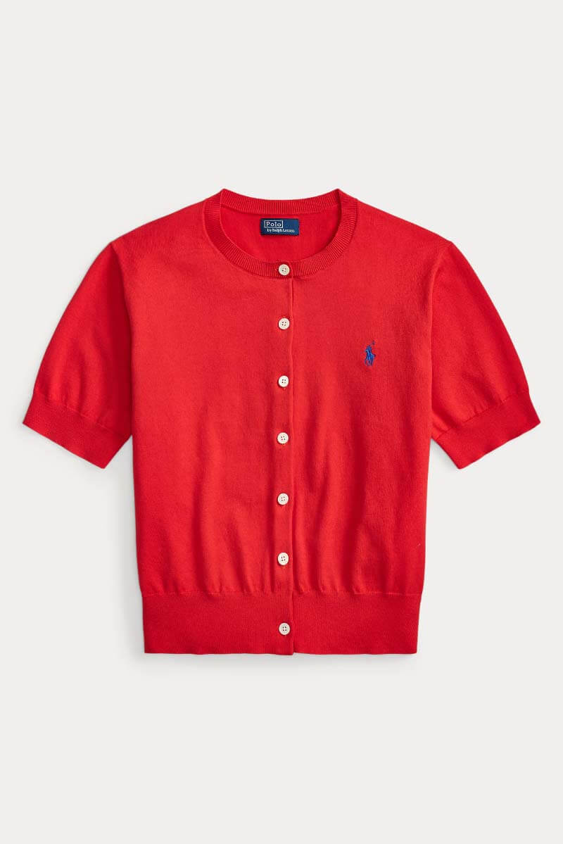 This lightweight cotton-blend cardigan combines a relaxed shape through the body with a gently fitted hem for a refined finish. It features a classic crew neckline and is accented by our signature embroidered Pony at the left chest.
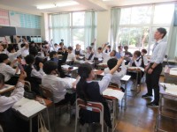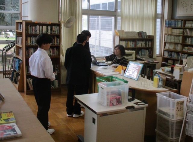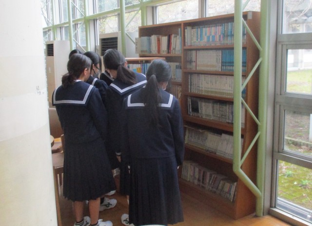1年生は、クラスごとに図書室の利用の仕方を確認しました。図書館司書の先生が説明した後、実際に読みたい本を探して、初めての図書貸し出しを経験しました。
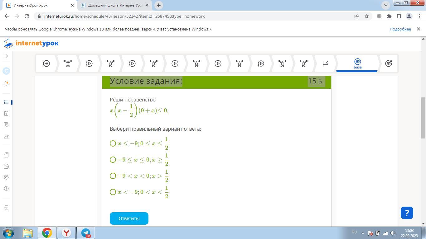 Реши неравенство x(x−12)(9+x)≤0. Выбери правильный вариант ответа:
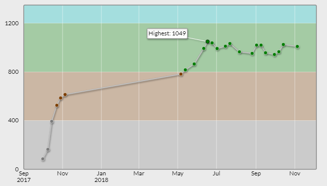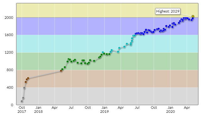 いきなり自慢のようなものを垂れ流していますが(そもそも色変記事なんて自慢が本質な気もしますが)これには意図があって、僕の推移は、同じように緑や水で停滞して苦しんでいる方々の励みになり得るものだと思っています。思い上がりかもしれません。ただ、統計的な根拠から「黄色以上になれる人はみんな水まではあっさり上がってる」なんて言われたらそれなりの絶望感があるかと思うのですが、その反例のひとつとはなれているのではないでしょうか。
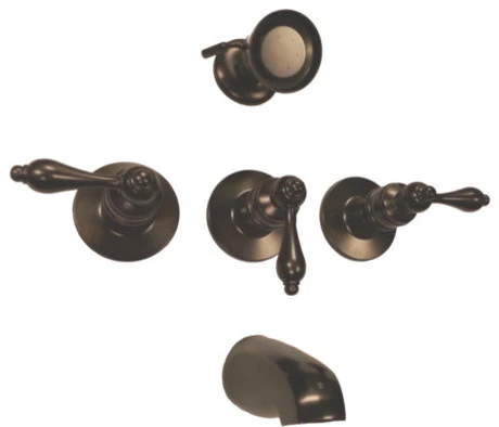 Three Lever Handle Tub & Shower Faucet in a Traditional Style. Matching Showerhead, Shower Arm and Spout. Matching Lever Handles, Dome Cap and Face Plate. Solid Brass Valve Body, Handle and Spout. Pressure Balance Diaphragm Valve.
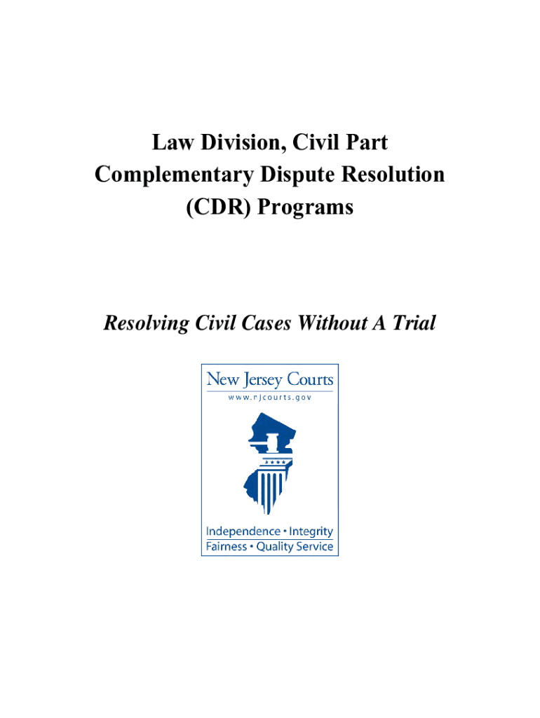(CDR) ProgramsResolving Civil Cases Without A Trial New Jersey Judiciary should provide citizens with a full set of options for resolution
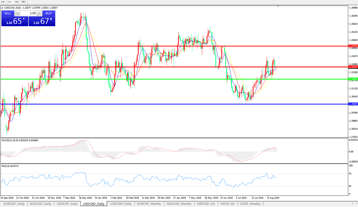 技术面简析:日线图均线整体呈发散上攻态势,汇价周五回踩1.3270关口,MACD运行于0轴上方且动能柱量能维持,RSI呈整理震荡态势,预计汇价短期汇价料将进一步上行,试探1.34附近压制。

_ _ _ _ _ _ _

What the exercise asks: Write out again exactly the lines above from the one with "Реши неравенство x(x−12)(9+x)≤0." through the one with "Three Lever Handle", adding no other lines and no pictures.

Result for this task:
 Реши неравенство x(x−12)(9+x)≤0. Выбери правильный вариант ответа:
 いきなり自慢のようなものを垂れ流していますが(そもそも色変記事なんて自慢が本質な気もしますが)これには意図があって、僕の推移は、同じように緑や水で停滞して苦しんでいる方々の励みになり得るものだと思っています。思い上がりかもしれません。ただ、統計的な根拠から「黄色以上になれる人はみんな水まではあっさり上がってる」なんて言われたらそれなりの絶望感があるかと思うのですが、その反例のひとつとはなれているのではないでしょうか。
 Three Lever Handle Tub & Shower Faucet in a Traditional Style. Matching Showerhead, Shower Arm and Spout. Matching Lever Handles, Dome Cap and Face Plate. Solid Brass Valve Body, Handle and Spout. Pressure Balance Diaphragm Valve.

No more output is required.